In 1540, the church leadership in Spain agreed with him:mass baptisms were banned. Las Casas became bishop of Chiapas (Mexico) but first traveled to Spain to get King Charles V to provide protective legislation at court.

Human rights debate

Karel only wanted to gradually abolish the encomienda system, so that Spanish settlers and treasury suffered little, and in 1542 he passed a law:encomiendas forfeited to the crown upon death. Civil servants and clergy had to hand them in immediately. The natives were regarded as free people, who had to be paid for their work and had to pay a fair tax.

So it took until Las Casas' annoyance a while before the system would really be a thing of the past. He couldn't speed up the process. At first he had only been able to do things in a small circle, as in Guatemala, but when he was given a formal position with power as a bishop, he squandered his opportunity with his rectilinear stance:in 1545, back in Mexico, he made his diocese more than clear. what he stood for. He forbade his priests to give slaveholders absolution; if they mistreated their slaves, even excommunication had to follow.

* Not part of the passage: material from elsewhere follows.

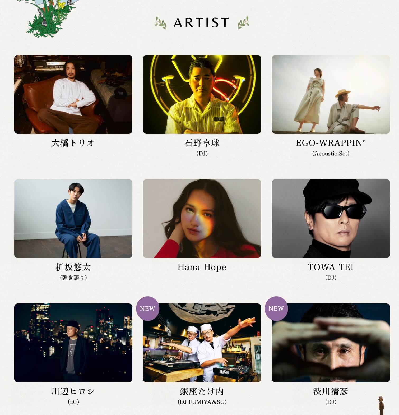 ジャンル横断型のラインナップで、落ち着いた大人向けフェスの雰囲気になりそうな構成です。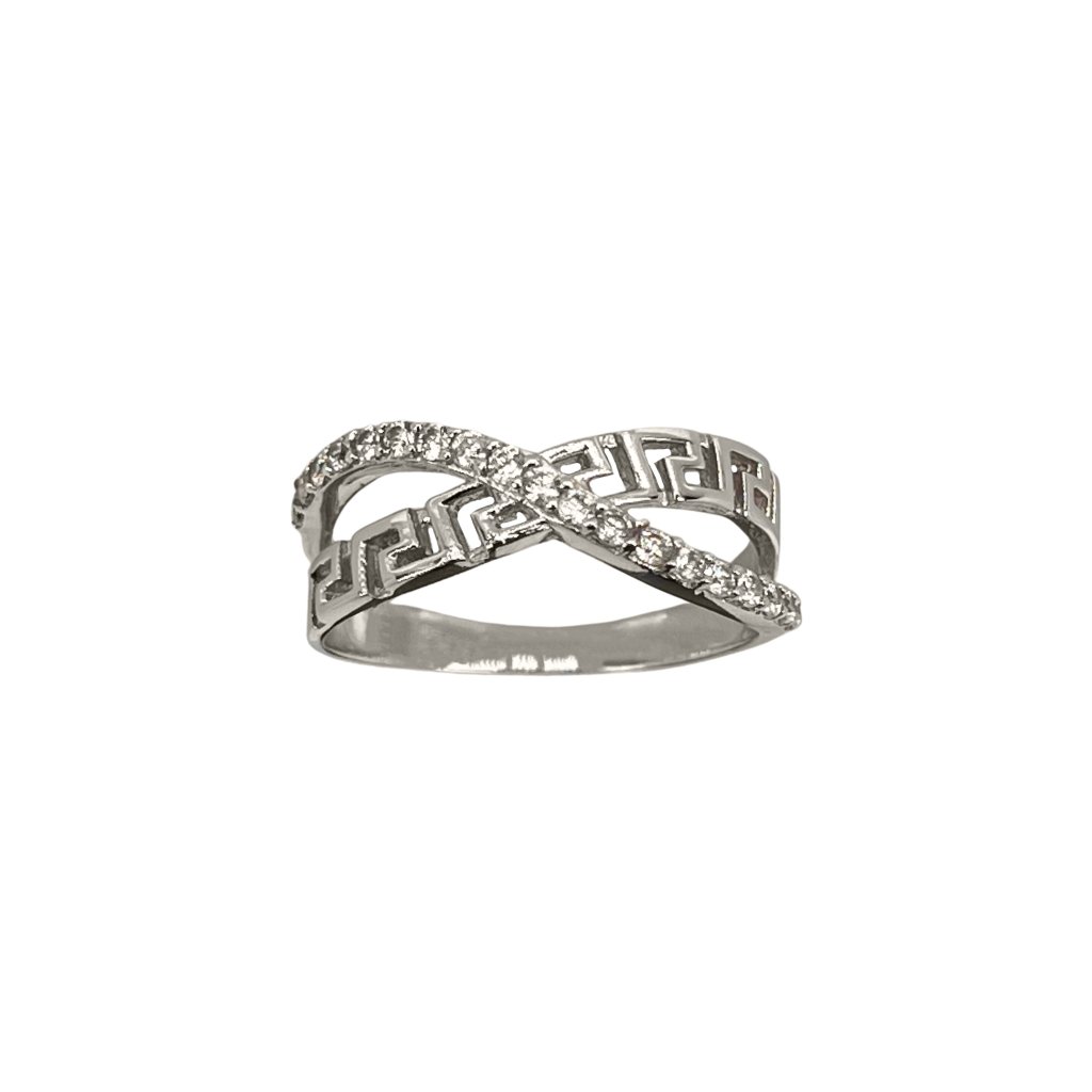 Prsteň z bieleho zlata so zirkónmi a antickým vzorom

His sharpening caused enormous irritation among the settlers, already white-hot because of Charles's mild reform law that they associated – rightly – with Las Casas, even though he found the measures to be inadequate. When Karel withdrew his law after three years because of the many protests and revolts, the pent-up anger was expressed in armed revolt. Las Casas' position became untenable and he had to leave for Spain in 1546 - this time for good.

Here he faced charges of treason:he seemed to denounce the legitimacy of the entire Spanish colonial administration. While in the eyes of many sixteenth-century settlers the settlers were brave Christian pioneers who wanted to civilize a couple at the risk of their own lives. In 1550 the opposing visions of colonialism were given a face.

In the famous Dispuut of Valladolid, two learned Dominican priests faced each other before a jury of clergy and lawyers. On the one hand, Juan Ginés de Sepúlveda, who believed that natives were inherently inferior. Spain had every right to enslave them; rather, it was Spain's duty to bring Christianity, order and mutual peace. On the other, Bartolomé de las Casas, who suggested, among other things, that the local population was not at all uncivilized. After a few months of deliberation, the jury decided that neither had won; it was nevertheless the first national debate on the rights of colonized peoples.

Black legend

Las Casas was free to go. In 1551 he rented a monastery cell in Valladolid. He continued to lobby and write books at court until several years before his death on July 18, 1566, aged 82. His work was soon eagerly used by people who wanted to put Spain in a bad light, such as publishers in the Dutch Republic. The atrocities against the indigenous population that Las Calas described became the basis for the "Black Legend" that demonized the Spanish colonial administration. In Spain itself, he has remained controversial for a very long time. That would rather see a positive story about the conquistadors. But now Las Casas is mainly regarded as the first to fight for human rights.